How often does the VIN appear on CAN3 ... perhaps once a minute?
In my TDC to OBD adapter for the ELM-type OBD dongle that TM-Spy uses,
I take ground and power from TDC pins 9 and 10, to OBD pins 4-5 and 16.
The CAN3 H, L come from TDC 1 and 6, and connect to OBD pins 6 and 14.
The wired female 16-wire molded OBD connectors that I ordered should
be here next week, and then I should be able to try TM-Spy Beta on my car,
and log multiple CAN buses simultaneously.
For logging systems like mine (that worked with the LEAF), I will probably connect:
CAN6 to the LEAF's EV-CAN pins, and
CAN2 to the LEAF's AV-CAN pins.
Then, connect CAN4 to OBD pins 1 and 9 ... unless others have better suggestions.
Do we know for sure which CAN bus is on pins 1 and 9 of the Tesla OBD connector?
Thanks, Gary
Gary,
I realize that you are probably trying to reuse existing hardware but the size of an OBD-II connector compared to the TDC is enormous, think it might be more worthwhile to interface directly with that, even if requires some soldering, it would be pretty easy to desolder the male OBD on the Leaf Spy and in the same through holes solder wires leading to a male TDC, no funky adaptors or long cabling required, you might even be able to tuck it into the back of the cubby. Tesla's CAN bus structure is significantly different than the leaf with much more interconnection of the various systems through gateways (unlike the leafs EV bus and AV bus).
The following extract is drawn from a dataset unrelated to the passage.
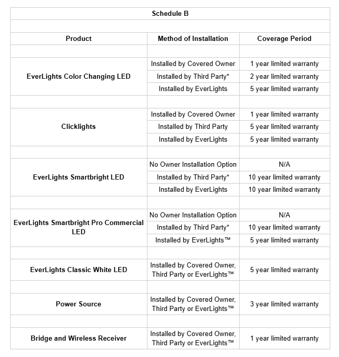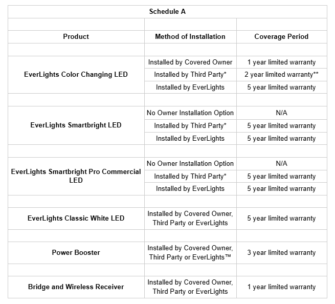 * In the event installation is completed by a third-party installer, EverLights recommends that the Covered Owner enter into a labor warranty and a maintenance contract.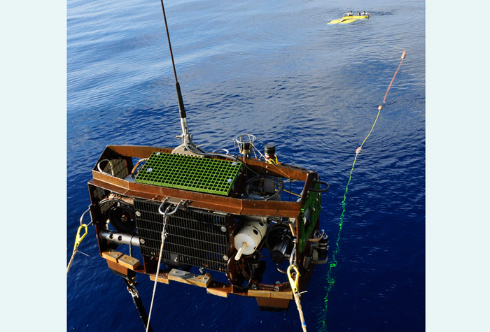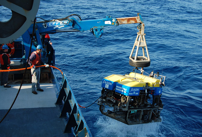 One of the best times to see how Jason and Medea are linked is when they are in the process of being recovered back aboard ship. The two vehicles come to the surface at the same time, but the team is careful to keep their tether fully extended so it doesn’t tangle and the vehicles don’t bump each other. Medea is brought aboard first. Then Jason is driven to a spot farther aft for recovery.

The real high value targets are CAN3 Powertrain (battery, drive unit and chargers) CAN6 Chassis (TC/ESC, body control module, ABS, EPB, TPMS) and finally CAN2 Body (lights, locks, windows, sunroof, radio etc). CAN4 is a fault tolerant module for the seat modules, PTC heater, and RCCM not much interesting going on there for most peoples purposes.
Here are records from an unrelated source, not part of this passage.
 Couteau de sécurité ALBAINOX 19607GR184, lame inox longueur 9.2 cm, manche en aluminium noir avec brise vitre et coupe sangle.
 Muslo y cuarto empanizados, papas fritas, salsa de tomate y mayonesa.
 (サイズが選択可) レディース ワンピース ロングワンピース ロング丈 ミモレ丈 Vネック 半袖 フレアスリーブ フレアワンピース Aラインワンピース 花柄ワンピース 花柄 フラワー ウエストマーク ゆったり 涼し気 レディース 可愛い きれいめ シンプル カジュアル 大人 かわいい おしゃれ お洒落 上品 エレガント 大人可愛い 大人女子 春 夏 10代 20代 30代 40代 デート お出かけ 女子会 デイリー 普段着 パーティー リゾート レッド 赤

As for what pins are brought out to the OBDII port. To make a long story short the only thing available that we would care about is 12V and GND plus the CAN6 chassis bus, not of interest for our particular application.
More details:
1 = CAN6+
P4 = GND
P5 = GND
P6 = CAN1+
P7 = K/Ser line
P9 = CAN6-
P14 = CAN1-
P16 = Battery Voltage (nom 13V)
CAN1 is a special bus that connects directly to the center console stack and nothing else, what it's used for is anyones best guess at the moment (diagnostics or firmware loading?). The K/Ser line connects directly to the RCCM (remote climate control module) and is (I'm guessing) some kind of LIN interface, the TDC under the center console taps off this line and connects to P3 of the diag connector.
Also the VIN is on ID 0x508, not sure what the rate is though.
- - - Updated - - -
For a while now, we've been making DIAG connectors for OVMS on the Tesla Roadster. I notice that some guys here are using those in Model S now (even though only 1 CAN bus is wired).
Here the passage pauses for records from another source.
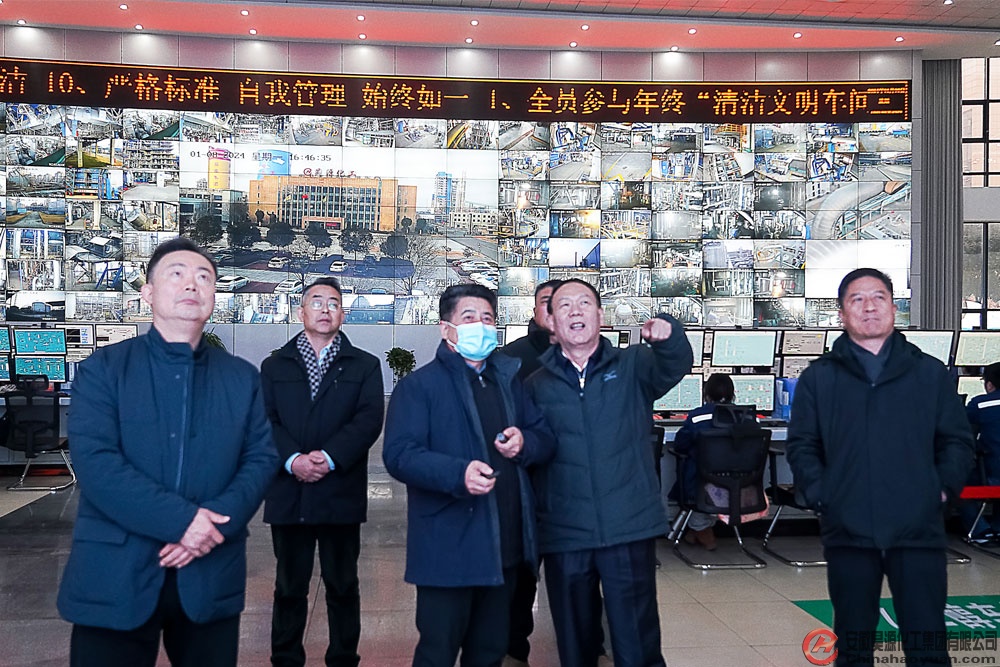 在生產控制中心,凡殿才向葉露中一行詳細匯報了園區項目建設進展、運行狀況、發展規劃及產品產能、用途等情況。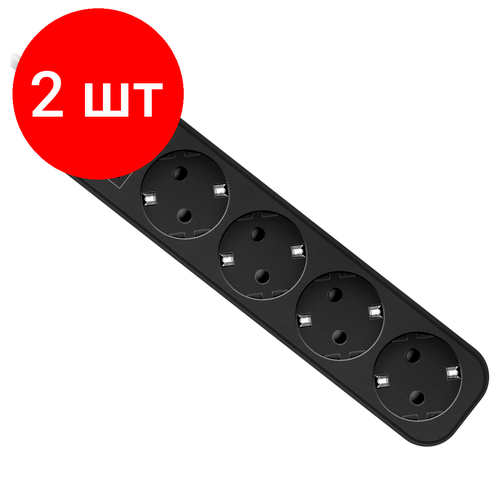 Комплект 2 шт, Удлинитель Defender G450, 4 розетки, с заземлением, выключатель, 5м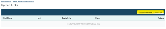 Once enabled, a Client Upload Link section will appear in the left panel of the household record.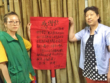今天上午,一位老年顧客顫顫巍巍地來到服務臺,一邊向工作人員遞上大紅色的感謝信,一邊會說起了事情的原委: 8月22日下午,老年顧客在蘋果攤位前丟失了一只手機,攤主撿到后立刻交到服務臺,服務臺楊翠芬通過微信朋友圈的相關信息輾轉聯系到了失主。失主當得知手機失而復得的時候,激動的連聲說“太好了,謝謝、謝謝”。并贊揚了朝陽農貿市場經營戶拾金不昧的精神,感謝朝陽農貿市場優質的服務,這也充分體現了朝陽農貿市場為民、利民、便民的服務宗旨。
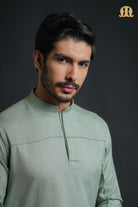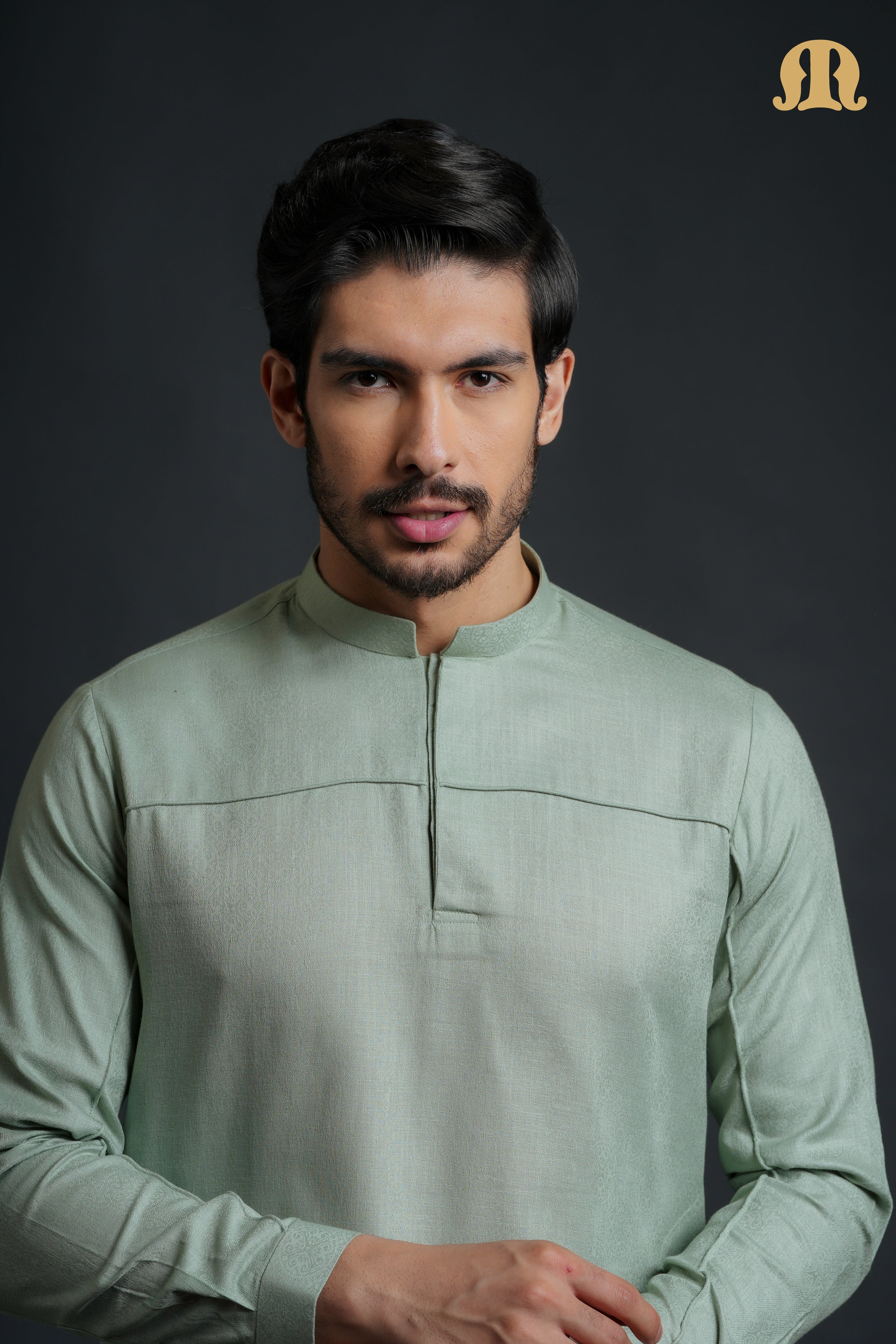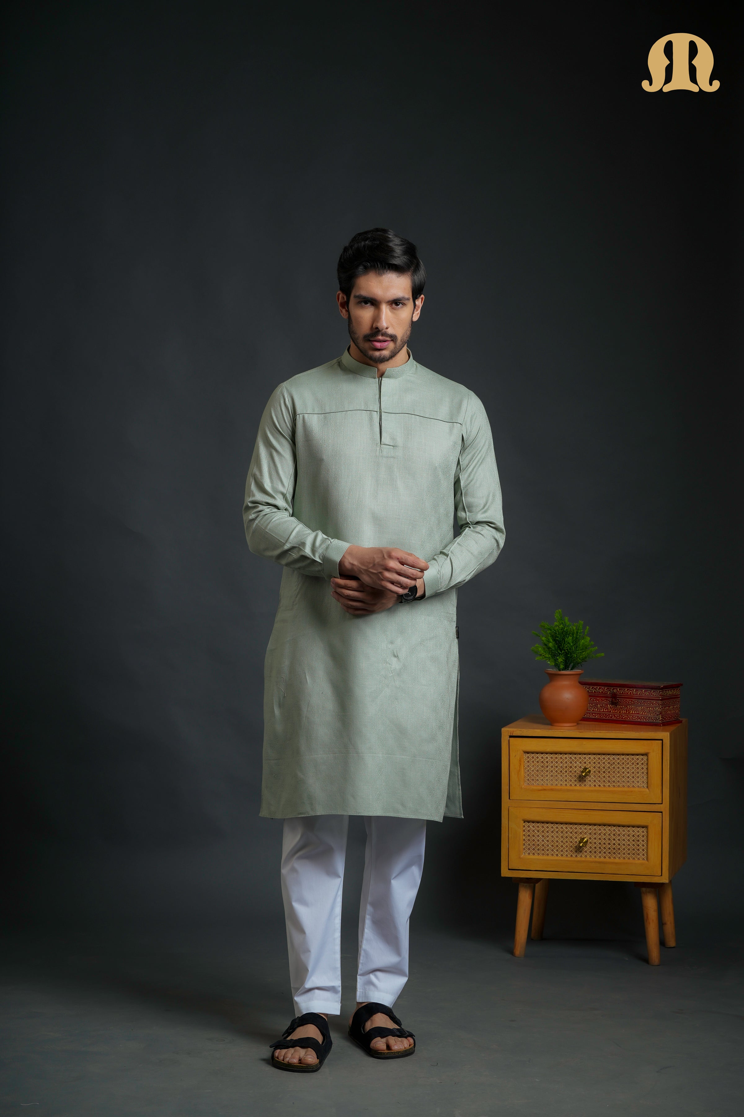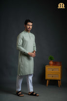 It features a classic band collar with neatly tailored cuffs, enhanced by self-coloured piping running across the chest and along the sleeves, adding a distinctive yet understated design element. The kurta is paired with a straight-fit white pajama, creating a crisp contrast that completes the look with sophistication.

I'm considering getting some fully wired connectors made for my own use. The same as the existing OVMS cable (
https://www.fasttech.com/products/0/10000001/1000400-ovms-data-cable-for-tesla-roadster-1-x-2-x), with the same DIAG plug, but with all 12 pins cabled. Perhaps 1m (3feet) of open ended cable on the end. Something easy to solder on to a DB9 (or whatever is required).
Would that be something useful to the community here? If so, I can easily get them to make up a batch. Is 1m cable enough? Cut and pre-tinned for soldering useful? Any other suggestions?
Mark,
I don't know if it would be a better solution (it has worked for my needs reverse engineering) is a TDC to ethernet cable, with that I can go into a standard Ethernet to DE9 adaptor and then connect the DE9 cable to things like the CANtact or Kvaser Leaf Light (the reason I built it), it is a little bulkier but it enables the swapping of different buses just by changing out the Eth-TDC cable and keeping the same interface on the DE9 end, meaning I can have any bus without re-wiring on my logger.
Probably too bulky for stashing under the console but food for thought, I'll try and get some pictures uploaded later.